There remain some significant drawbacks here. Doing those assignments inside macros still leaves you with less-than-aesthetic code. You still have to maintain discipline about using the macros. And if you are in a language that doesn't support the preprocessor, things get more difficult and/or annoying. (You may have to implement IfNegativeThrow() as a full-fledged method, for example, and incur the requisite overhead.) In a later post, I'll address these issues.

Tuesday, August 4, 2009

Exceptions Versus Return Values

I'm alarmed by the number of programmers I've been talking to lately -- not just C/C++ programmers, but also Java and C# programmers -- who are inclined to forgo the throwing of exceptions and instead use magic return values and/or status codes to indicate an API failure.

Consequenty I sat down to write a blog post about this. As a general rule, before I write something, I check to see if someone else has done it already, and sure enough, a number of people have taken on this issue competently. So instead of imitating their work, I wanted to point you to the best example, namely Ned Batchelder's.

One slight addition I wanted to make was to point out that Ned's article is primarily focused on the use of return values as status codes. I'm actually more concerned about overloading the return value with a sentinel value that is intended to indicate failure (a practice that Ned covers in the section on "Valuable channels"). In my opinion, this is far more insidious than the correct application of the status code idiom because it can time- and space-shift errors far from where they originate, which can unnecessarily complicate debugging.

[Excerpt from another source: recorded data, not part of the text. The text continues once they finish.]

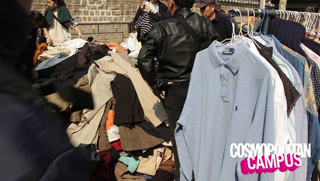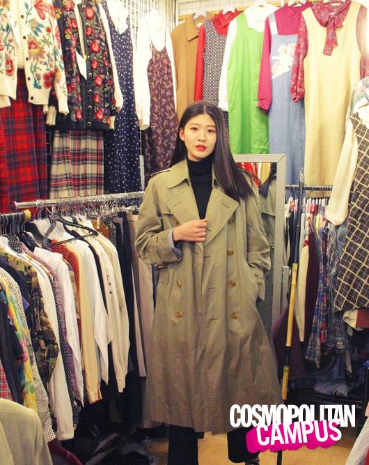 에디터가 한 달에 한번은 꼭 들러 득템하고 가는 곳이기도 하다. 일단 가장 큰 장점은 가격. 개인 구제샵보다 가격이 훨씬 저렴하다. 만약 호객행위가 부담스러워 꺼려진다면 걱정할 필요 제로! 호객행위가 아예 존재하지 않는 것은 아니지만 가는 사람 붙잡고 부담스러울 정도의 호객행위는 이뤄지지 않는다. 아참, 물건을 사기 전 살짝 애교 섞인 가격 흥정을 한다면 쿨하게 오케이 하는 사장님의 모습을 볼 수 있으니 참고하라! 지금 입고 있는 트렌치 코트 역시 아주 착한 가격대에 득템했다.
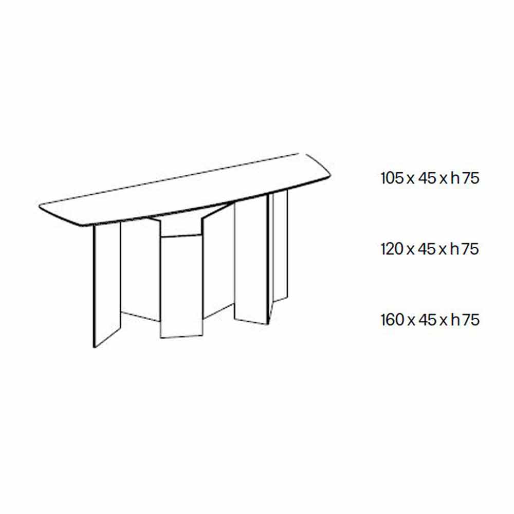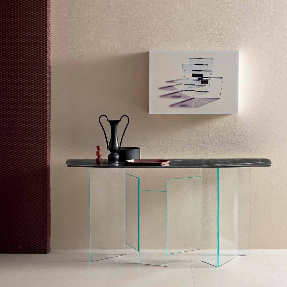 Modern livingroom consolle with Emperador or Noir Desir ceramic top and glass base, realized by hand in Italy.
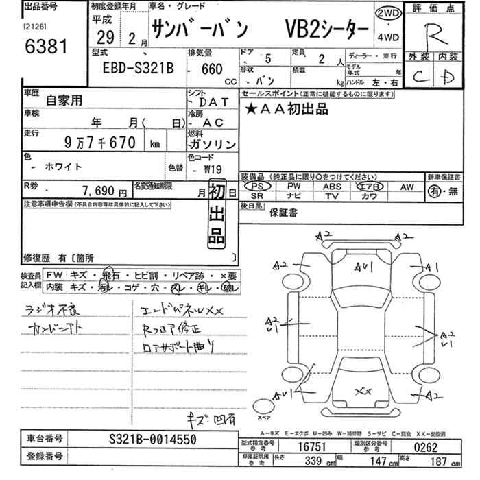 SUBARU SAMBAR VAN VB2 -SEATER - лот 6381

Take the following square-root function as an example. Let's use C++.
float mysqrt(float n)
{
  if( n < 0 )
  {
    return -1.0;
  }
  return sqrt(n);
}
Here, -1 is being used as a sentinel value to indicate what any high school math student knows, namely, that you can't take the square root of a negative number. Consider what a client of this function must go through. Say I'm starting with the area of a circle, and I want to calculate the circumference using a couple of convenient helper methods:
float radiusFromArea(float area)
{
  return mysqrt(area / 3.14);
}

float circumferenceFromRadius(float radius)
{
  return 2 * 3.14 * radius;
}
Here is the client code:
float area = TEST_AREA;
float radius = radiusFromArea(area);
float circumference = circumferenceFromRadius(radius);
cout << circumference << endl;
If TEST_AREA is negative, we notice that the circumference is whacked (-6.28) when we are all done. That is, hopefully we notice and don't propagate the bad value forward, but I'll give the author of this code the benefit of the doubt for now. Even so, we still have no idea if the error is in radiusFromArea, circumferenceFromRadius, or some unknown function that one of them calls. Now condider what happens if mysqrt is written to throw an exception rather than return a "magic" error value:
float mysqrt(float n)
{
  if( n < 0 )
  {
    throw invalid_argument("can't take sqrt of negative number");
  }
  return sqrt(n);
}
When this code runs on a negative area for input, you see the error immediately in the form of an unhandled exception, with a stack trace pointing right to where mysqrt is called with the bogus value. This is much preferable for debugging, even in this simplistic example. Hopefully this will help convince you that exceptions are superior to the alternatives.